One limitation of this study is that only one age group was included in the current analyses. Reliability values and conclusions may differ for EEG data collected in toddlers or children compared to the data from 10-month-old infants in the current study. In addition, it is possible that conclusions vary between EEG data collected during the social and non-social dynamic videos51. Finally, we did not statistically compare the ICC values, but only tested whether the ICC values were different from the null hypothesis.
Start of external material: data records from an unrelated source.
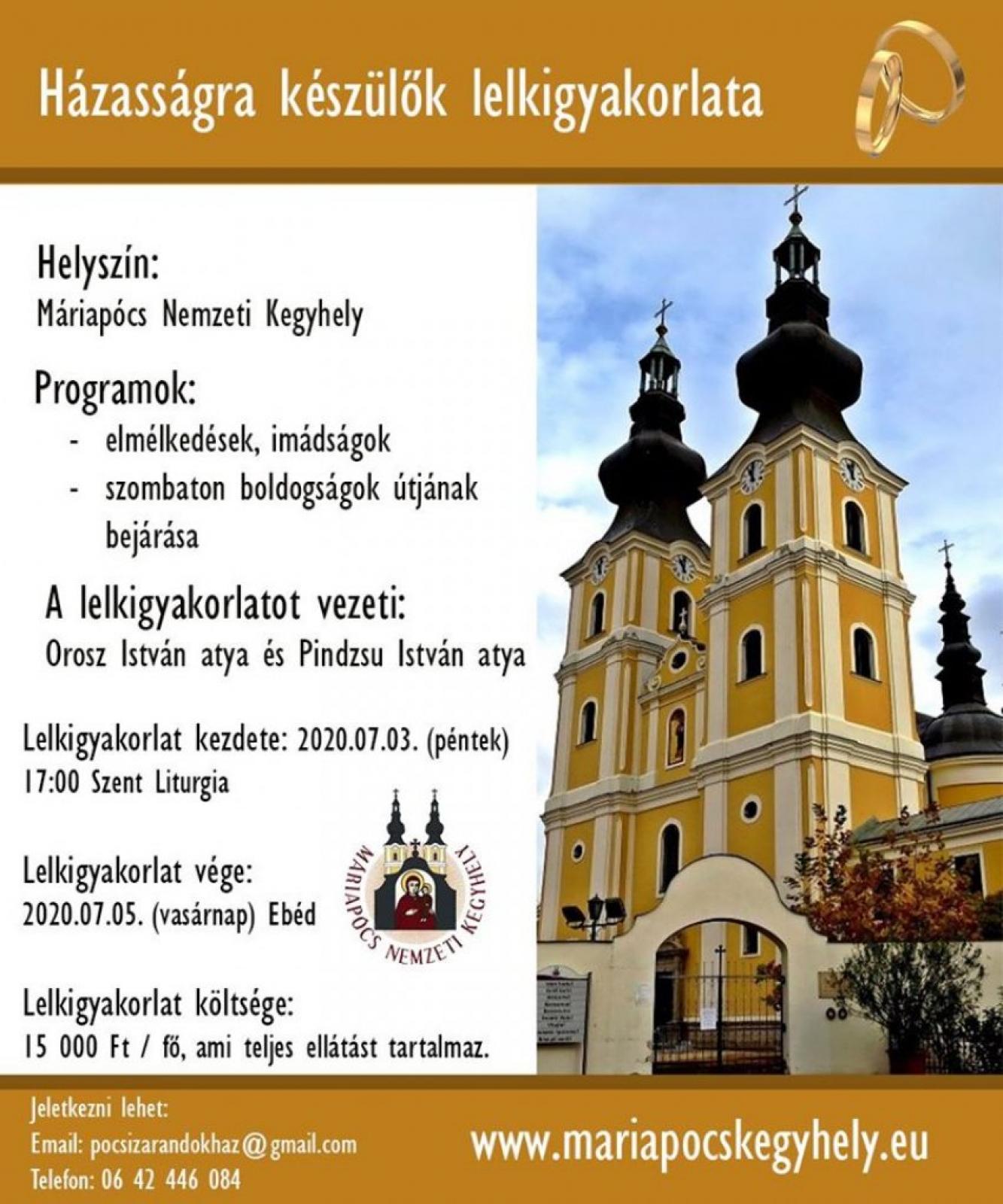 Orosz István kegyhelyigazgató atya és Pindzsu István atya, a Családvár Zarándokház igazgatója lelkigyakorlatot hirdetnek házasságra készülő párok számára. A július 3-án, pénteken délután kezdődő lelkigyakorlat vasárnap délben közös ebéddel ér véget. Részletek a plakáton.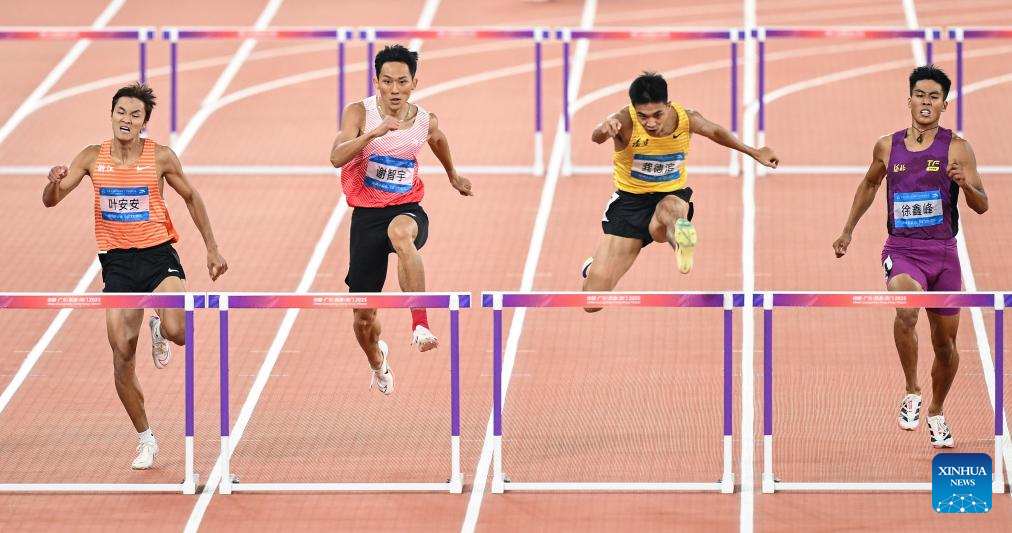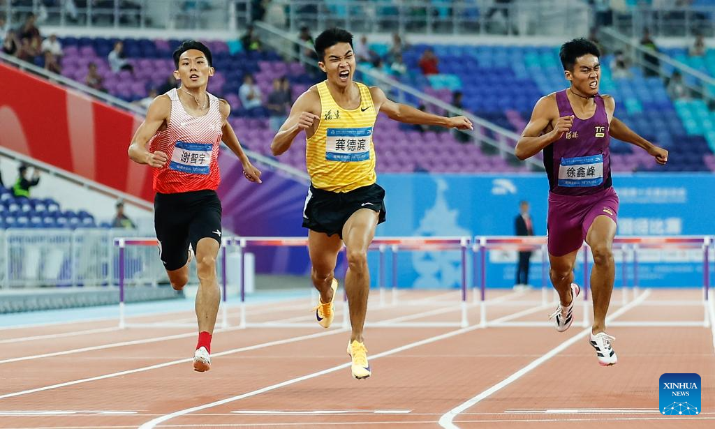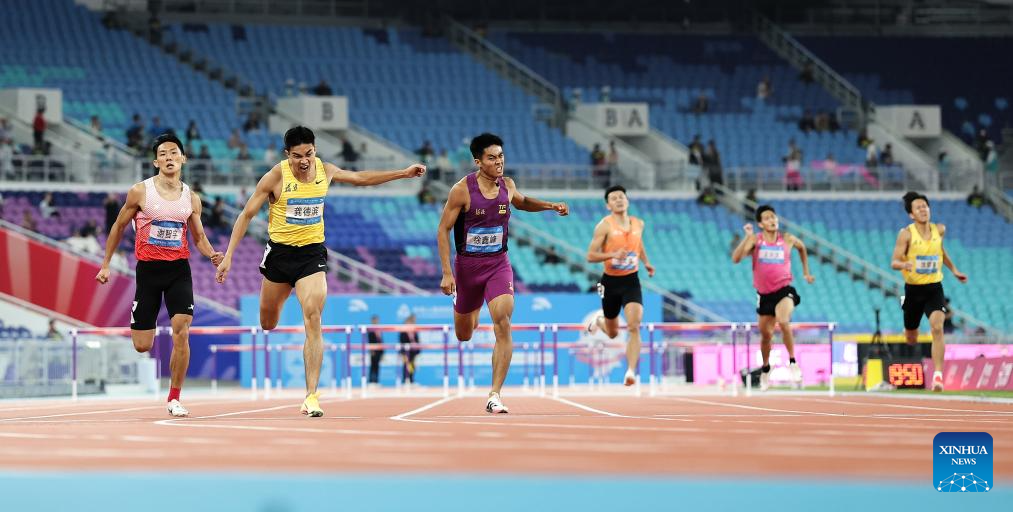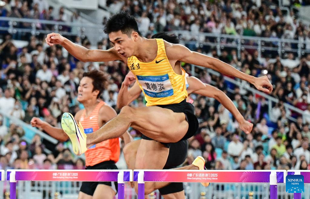 Gong Debin (C) of Fujian competes during the men's 400m hurdles final of athletics in Guangzhou, south China's Guangdong Province, Nov. 17, 2025. (Xinhua/Huang Wei)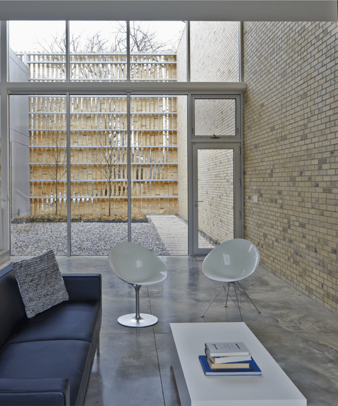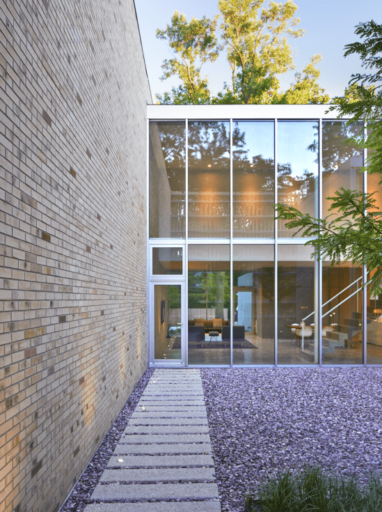 Located within a few blocks of the campus of Northwestern University in the suburbs of Chicago, this modest-sized courtyard house is wrapped almost entirely in brick.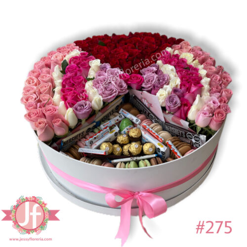 Caja circular de 100 rosas rojas y 2 varas de orquídeas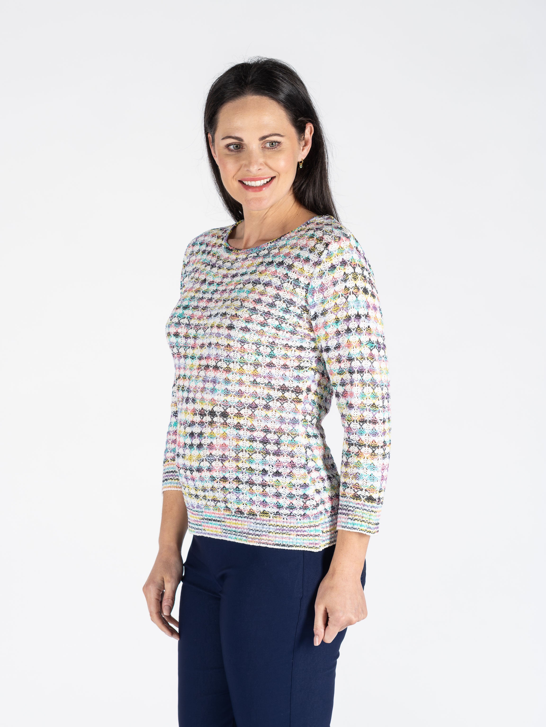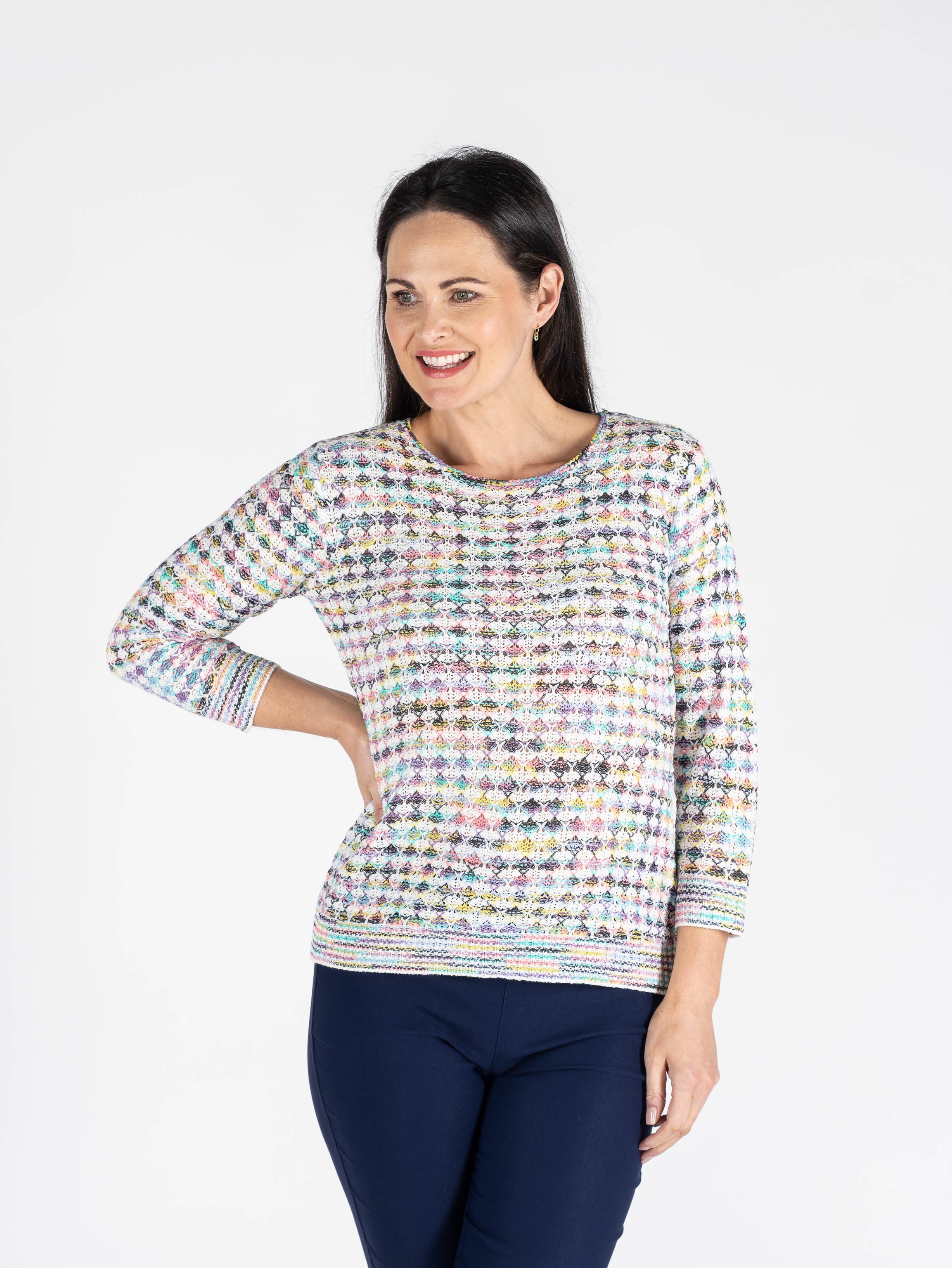 MULTI COLOR TAPE YARN JUMPER 3/4 SLEEVE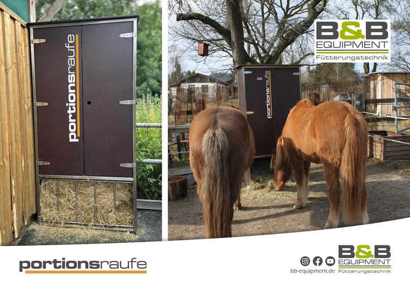 Optimieren Sie Ihre Fütterung für Ihr Pferd – mit unserem zeitgesteuerten Portionsschrank - effizient & durchdacht füttern. Mit der hochwertigen portionsraufe von B&B equipment versorgen Sie Ihr Pferd regelmäßig, strukturiert und ganz ohne Stress ob für Sie oder Ihr Pferd. ✅ Zeitgesteuerte Fütterung möglich ✅ 3 Modellvarianten mit unterschiedlichen Fassungsvermögen ✅ Mehr Ruhe für Ihr Pferd durch geregelte Fresszeiten ✅ Für Heu, Möhren & mehr geeignet ✅ Robuste, langlebige Bauweise – 100 % wetterfest ✅ Für Innen- & Außenbereich geeignet (keine Überdachung nötig) ✅ Lieferung komplett montiert & sofort einsatzbereit 👉 Ideal für alle Pferde mit besonderen Bedürfnissen bei der Fütterung. Sorgen Sie für eine pferdegerechte, gleichmäßige Fütterung – einfach, zuverlässig und zeitsparend. ✔ Made in Germany – Qualität, auf die Sie sich verlassen können Bei Fragen einfach melden - wir beraten Sie gerne! Mehr Infos: bb-equipment.de - Instagram - Facebook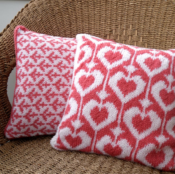 2 unique fair isle designs depicting cupid arrows and valentine hearts are featured on these simple knitted cushions. Each cushion is just 12” x 12”, ideal valentine decor for any room in the house orgarden.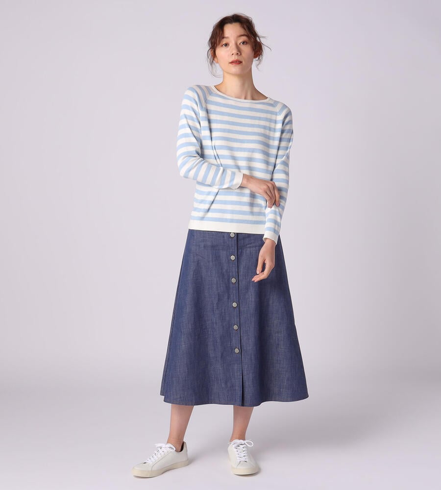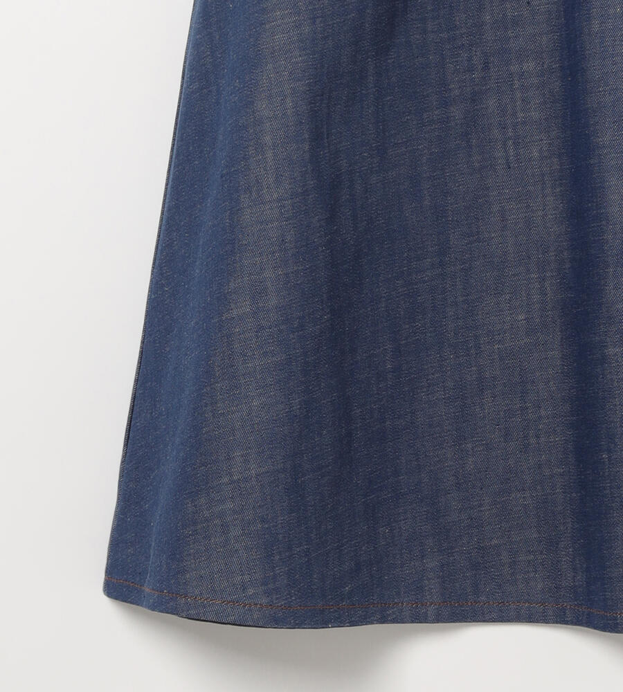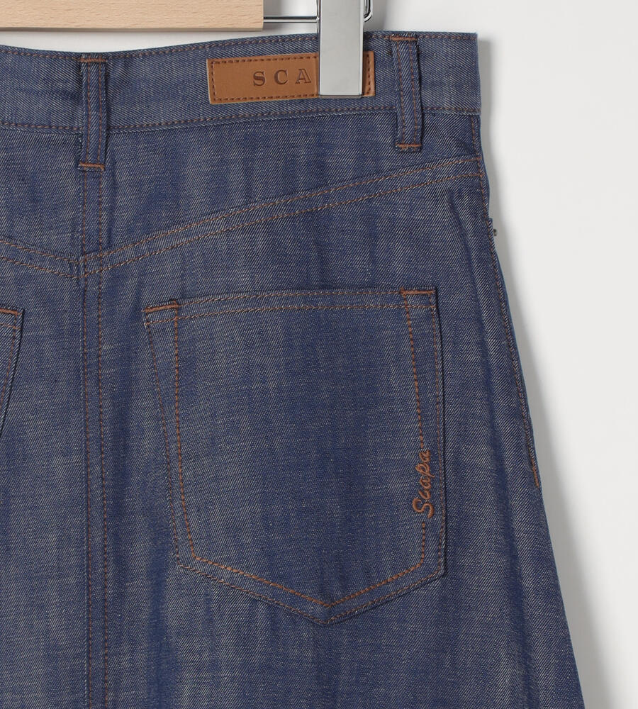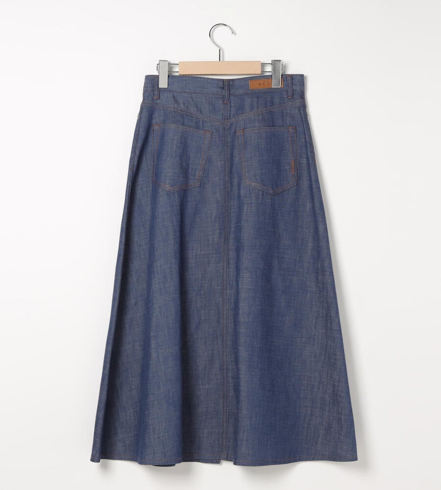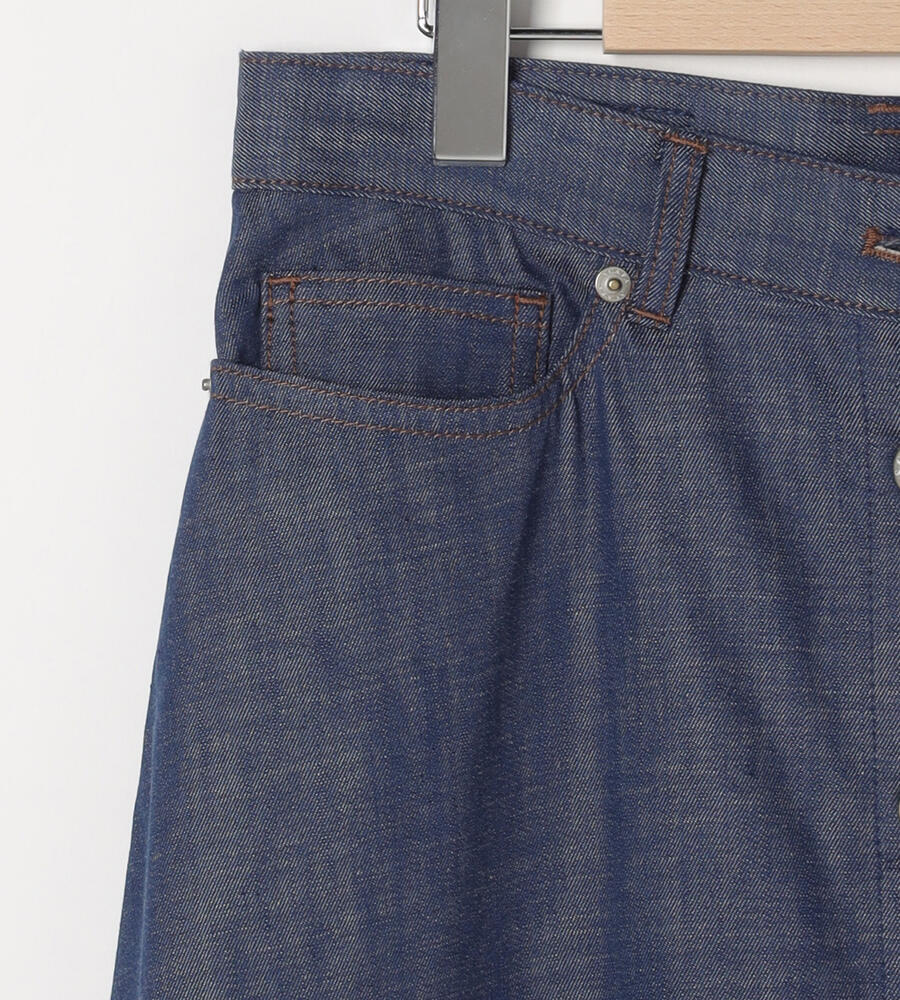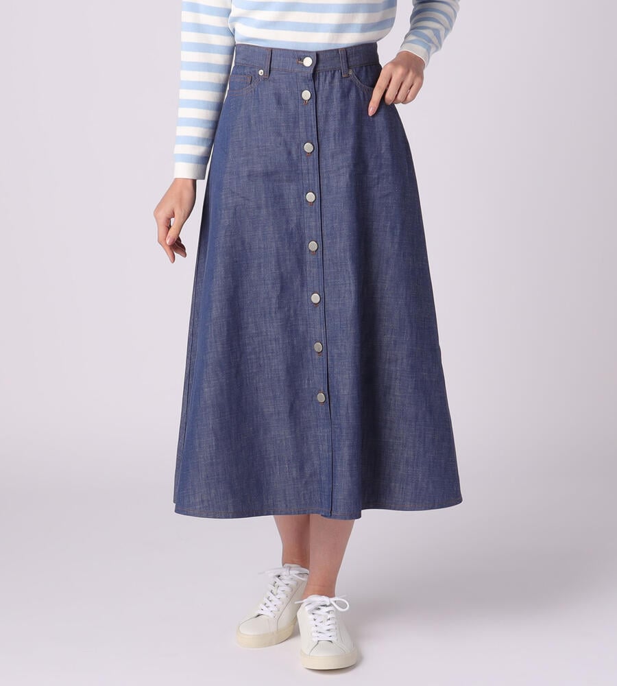 品のよい微光沢感を備えたデニム生地のミモレ丈スカート。フロントボタンときれいに広がるフレアシルエットが、コーディネートを女性らしい印象へと導きます。レザーパッチやバックポケットにはアイコニックなブランドロゴをプラス。カジュアルすぎず、大人の日常スタイルに最適な一枚です。同生地のジャケットとセットアップでも着用可能です。

Although methods exist to compare correlations, comparisons for ICC values are less straightforward as ICC values also depend on other factors such as stability of the EEG measure, measurement error, number and length of epochs. Here, we aimed to characterise the different comparison levels and explore the profile of EEG connectivity metrics.

Future research could consider reliability across different age groups and dynamic stimuli. Examining the reliability and the stability of brain connectivity at different age groups will further clarify whether early individual variability in brain connectivity persists into childhood and whether this is associated with later stable traits, for example restricted and repetitive behaviours in autism spectrum disorders21,27.